The point here is that this is Edwards’s second conviction of a sex-related crime. The judge also ordered him to undergo treatment.

The issue of treatment raises more questions that even the American Psychological Association has yet to answer. In an article in Monitor, the APA’s magazine, the questions are raised over and over. The latest data emerged in Sexual Abuse: A Journal of Research and Treatment (Vol. 14, No. 2) in 2002, giving hope when it showed for the first time a difference between recidivism rates for sex offenders who receive treatment and those who don’t.

Still there are other questions. Nobody has a definitive solution.
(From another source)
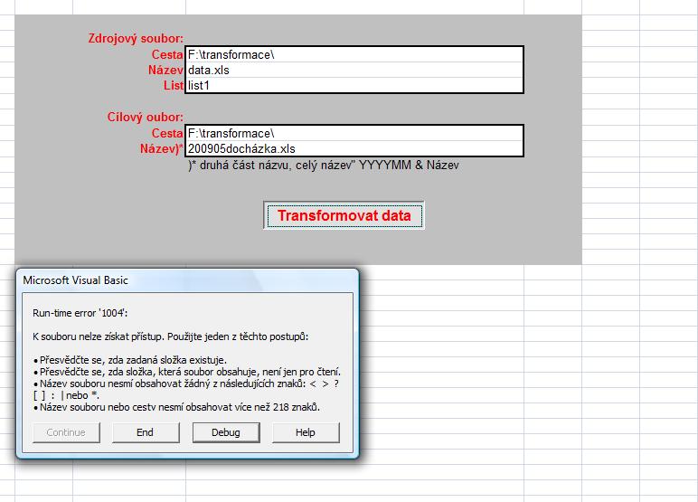 Prilozeny soubor muzes v pripade potreby prevest na soubor *.xlsm - otevrit Transf.xls v Excelu 2007 a pak ulozit jako Transf.xlsm, nemely by byt problemy.

Certainly, though, law should not go to the extreme for sex offenders who rape a child. We agree with the U.S. Supreme Court’s decision of not to allow the death penalty for child rape. In particular, this reasoning seems appropriate from the decision last month:

“It is not at all evident that the child rape victim’s hurt is lessened when the law permits the perpetrator’s death, given that capital cases require a long-term commitment by those testifying for the prosecution. Society’s desire to inflict death for child rape by enlisting the child victim to assist it over the course of years in asking for capital punishment forces a moral choice on the child, who is not of mature age to make that choice. There are also relevant systemic concerns in prosecuting child rape, including the documented problem of unreliable, induced, and even imagined child testimony, which creates a “special risk of wrongful execution” in some cases.”

But even the Court has overlooked some information in its June ruling, Patrick Kennedy vs. Louisiana, noting the absence of any federal law imposing a death penalty for child rape. Actually, a military law expert found the 2006 law by Congress authorized the death penalty for rape of a child under military law applicable to members of the military services. In strict interpretation, that would constitute a federal law.

Louisiana has asked for a rehearing in the case. The Court is expected to decide on the rehearing this week.

This is not to say Edwards deserves the death penalty. However, in our opinion, he should serve much more than 5 years, even for enticement.